- EXERCISE: What is the number of lines in the listing that contain "didn"? Give that number only.

- DATASET CONTENT:
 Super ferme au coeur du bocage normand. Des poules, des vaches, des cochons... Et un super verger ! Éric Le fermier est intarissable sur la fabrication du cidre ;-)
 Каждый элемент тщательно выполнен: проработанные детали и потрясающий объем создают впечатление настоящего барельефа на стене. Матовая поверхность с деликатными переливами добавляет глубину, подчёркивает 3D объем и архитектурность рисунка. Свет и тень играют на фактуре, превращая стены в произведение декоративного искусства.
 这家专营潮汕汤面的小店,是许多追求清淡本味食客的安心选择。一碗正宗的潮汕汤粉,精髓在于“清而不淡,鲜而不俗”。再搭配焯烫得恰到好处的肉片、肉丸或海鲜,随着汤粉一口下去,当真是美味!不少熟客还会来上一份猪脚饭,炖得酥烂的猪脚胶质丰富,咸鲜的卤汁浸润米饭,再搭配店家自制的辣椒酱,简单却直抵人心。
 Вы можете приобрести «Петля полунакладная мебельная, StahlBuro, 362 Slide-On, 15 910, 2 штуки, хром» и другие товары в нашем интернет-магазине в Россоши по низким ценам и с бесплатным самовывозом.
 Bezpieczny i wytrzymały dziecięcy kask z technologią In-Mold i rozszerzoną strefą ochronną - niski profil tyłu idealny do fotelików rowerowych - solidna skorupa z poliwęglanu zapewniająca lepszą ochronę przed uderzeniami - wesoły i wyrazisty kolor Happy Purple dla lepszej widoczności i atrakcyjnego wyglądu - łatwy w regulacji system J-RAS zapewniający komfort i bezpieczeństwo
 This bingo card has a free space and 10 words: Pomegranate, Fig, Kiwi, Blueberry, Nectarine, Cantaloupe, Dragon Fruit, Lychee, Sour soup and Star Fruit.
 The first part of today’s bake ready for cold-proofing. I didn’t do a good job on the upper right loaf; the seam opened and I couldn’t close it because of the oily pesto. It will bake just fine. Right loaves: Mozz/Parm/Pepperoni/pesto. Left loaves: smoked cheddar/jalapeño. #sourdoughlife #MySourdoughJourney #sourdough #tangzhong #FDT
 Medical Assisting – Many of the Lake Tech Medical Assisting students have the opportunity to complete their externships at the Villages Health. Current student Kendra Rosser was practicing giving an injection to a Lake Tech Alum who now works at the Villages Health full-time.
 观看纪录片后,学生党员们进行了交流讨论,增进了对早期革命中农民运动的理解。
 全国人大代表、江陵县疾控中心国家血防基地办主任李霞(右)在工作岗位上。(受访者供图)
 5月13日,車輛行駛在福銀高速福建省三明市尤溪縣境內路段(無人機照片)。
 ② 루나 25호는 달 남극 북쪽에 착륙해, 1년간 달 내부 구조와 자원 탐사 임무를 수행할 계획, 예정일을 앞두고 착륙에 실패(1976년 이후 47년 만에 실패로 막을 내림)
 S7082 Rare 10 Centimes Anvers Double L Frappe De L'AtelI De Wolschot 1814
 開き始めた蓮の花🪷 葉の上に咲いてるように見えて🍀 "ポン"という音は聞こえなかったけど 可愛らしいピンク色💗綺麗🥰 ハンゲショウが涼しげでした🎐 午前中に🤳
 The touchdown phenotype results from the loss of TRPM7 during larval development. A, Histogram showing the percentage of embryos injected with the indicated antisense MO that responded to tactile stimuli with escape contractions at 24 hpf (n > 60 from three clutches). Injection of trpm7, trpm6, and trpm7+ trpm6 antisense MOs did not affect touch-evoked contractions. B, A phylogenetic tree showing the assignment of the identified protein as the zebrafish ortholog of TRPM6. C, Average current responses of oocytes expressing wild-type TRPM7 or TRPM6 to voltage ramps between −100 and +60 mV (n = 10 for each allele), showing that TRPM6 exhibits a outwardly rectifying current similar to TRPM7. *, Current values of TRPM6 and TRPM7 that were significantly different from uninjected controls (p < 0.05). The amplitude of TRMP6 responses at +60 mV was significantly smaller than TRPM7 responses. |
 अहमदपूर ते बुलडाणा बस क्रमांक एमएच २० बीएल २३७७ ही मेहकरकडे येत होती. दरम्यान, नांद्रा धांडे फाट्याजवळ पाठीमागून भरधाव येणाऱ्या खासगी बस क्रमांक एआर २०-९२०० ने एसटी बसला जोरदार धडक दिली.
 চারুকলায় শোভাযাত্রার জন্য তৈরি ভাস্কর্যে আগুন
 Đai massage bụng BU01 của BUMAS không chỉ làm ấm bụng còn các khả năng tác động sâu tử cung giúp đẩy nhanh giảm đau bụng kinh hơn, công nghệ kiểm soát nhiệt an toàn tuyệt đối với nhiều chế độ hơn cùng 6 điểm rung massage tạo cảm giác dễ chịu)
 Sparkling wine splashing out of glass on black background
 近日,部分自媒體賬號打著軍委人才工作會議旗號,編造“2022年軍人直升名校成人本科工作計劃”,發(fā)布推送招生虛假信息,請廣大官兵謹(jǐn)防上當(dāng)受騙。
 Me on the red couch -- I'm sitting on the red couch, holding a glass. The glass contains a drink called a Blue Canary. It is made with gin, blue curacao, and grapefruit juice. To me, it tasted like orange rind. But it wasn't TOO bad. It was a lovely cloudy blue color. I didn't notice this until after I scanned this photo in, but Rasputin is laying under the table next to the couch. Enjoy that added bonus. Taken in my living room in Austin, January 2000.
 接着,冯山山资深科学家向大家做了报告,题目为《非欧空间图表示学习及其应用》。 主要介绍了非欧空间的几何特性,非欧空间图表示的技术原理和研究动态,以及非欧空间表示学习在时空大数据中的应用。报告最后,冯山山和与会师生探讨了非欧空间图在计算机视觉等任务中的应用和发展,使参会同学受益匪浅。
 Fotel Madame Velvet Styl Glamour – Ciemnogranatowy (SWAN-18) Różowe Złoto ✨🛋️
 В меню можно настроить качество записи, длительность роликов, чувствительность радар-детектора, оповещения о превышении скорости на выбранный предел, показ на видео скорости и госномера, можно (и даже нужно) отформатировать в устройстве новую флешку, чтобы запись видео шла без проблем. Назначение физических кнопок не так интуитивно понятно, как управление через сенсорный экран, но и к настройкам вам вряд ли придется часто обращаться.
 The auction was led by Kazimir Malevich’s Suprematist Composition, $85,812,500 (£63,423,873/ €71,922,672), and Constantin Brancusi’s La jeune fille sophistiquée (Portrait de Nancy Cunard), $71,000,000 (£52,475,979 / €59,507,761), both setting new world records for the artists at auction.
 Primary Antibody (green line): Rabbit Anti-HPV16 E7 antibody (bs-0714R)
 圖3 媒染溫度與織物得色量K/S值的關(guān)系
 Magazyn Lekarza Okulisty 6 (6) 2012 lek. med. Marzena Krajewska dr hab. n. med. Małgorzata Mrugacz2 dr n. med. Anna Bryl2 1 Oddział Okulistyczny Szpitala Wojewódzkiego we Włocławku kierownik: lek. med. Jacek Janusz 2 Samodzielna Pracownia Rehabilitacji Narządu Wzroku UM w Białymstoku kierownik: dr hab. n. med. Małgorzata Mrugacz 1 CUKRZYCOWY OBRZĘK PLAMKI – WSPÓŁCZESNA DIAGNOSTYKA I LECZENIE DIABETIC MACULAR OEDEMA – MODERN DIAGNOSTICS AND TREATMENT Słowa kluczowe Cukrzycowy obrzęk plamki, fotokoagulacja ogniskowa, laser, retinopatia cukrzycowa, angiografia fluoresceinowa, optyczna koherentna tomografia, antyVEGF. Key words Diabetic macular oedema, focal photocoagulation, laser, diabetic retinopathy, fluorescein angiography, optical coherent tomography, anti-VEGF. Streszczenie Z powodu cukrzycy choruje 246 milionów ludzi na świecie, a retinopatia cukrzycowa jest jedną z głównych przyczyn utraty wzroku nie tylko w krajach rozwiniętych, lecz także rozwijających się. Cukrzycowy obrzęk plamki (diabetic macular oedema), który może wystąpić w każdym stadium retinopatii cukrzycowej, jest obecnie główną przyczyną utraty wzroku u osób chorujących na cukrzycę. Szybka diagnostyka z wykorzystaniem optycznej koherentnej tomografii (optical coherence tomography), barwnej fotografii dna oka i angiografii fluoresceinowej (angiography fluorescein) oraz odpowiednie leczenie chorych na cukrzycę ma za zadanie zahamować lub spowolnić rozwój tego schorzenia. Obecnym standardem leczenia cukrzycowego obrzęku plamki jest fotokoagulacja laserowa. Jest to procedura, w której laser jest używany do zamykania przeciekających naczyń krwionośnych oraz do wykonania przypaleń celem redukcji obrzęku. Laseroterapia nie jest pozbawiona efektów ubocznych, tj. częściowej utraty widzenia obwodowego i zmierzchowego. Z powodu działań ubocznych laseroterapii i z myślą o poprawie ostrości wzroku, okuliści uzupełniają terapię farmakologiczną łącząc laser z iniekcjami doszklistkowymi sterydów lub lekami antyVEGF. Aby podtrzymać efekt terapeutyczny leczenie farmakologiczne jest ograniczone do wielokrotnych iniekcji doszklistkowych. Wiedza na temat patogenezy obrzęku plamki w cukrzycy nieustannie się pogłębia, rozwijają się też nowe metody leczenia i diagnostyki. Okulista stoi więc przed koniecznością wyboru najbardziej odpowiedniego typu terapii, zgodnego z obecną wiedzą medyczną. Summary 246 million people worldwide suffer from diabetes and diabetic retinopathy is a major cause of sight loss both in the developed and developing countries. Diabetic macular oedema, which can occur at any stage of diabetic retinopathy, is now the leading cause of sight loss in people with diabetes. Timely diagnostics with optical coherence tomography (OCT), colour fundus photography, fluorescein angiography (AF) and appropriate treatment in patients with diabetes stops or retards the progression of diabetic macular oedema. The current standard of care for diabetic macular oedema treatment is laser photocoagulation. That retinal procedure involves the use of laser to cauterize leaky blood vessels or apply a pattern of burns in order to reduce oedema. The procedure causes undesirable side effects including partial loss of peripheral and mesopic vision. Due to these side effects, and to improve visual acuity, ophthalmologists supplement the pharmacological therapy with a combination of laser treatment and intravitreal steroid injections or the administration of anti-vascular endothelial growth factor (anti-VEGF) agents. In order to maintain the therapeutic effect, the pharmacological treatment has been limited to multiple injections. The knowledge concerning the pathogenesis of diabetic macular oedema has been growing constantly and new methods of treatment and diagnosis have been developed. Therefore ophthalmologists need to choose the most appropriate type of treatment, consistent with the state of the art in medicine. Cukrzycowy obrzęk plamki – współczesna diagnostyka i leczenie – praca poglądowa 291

- WRITTEN RESPONSE: 2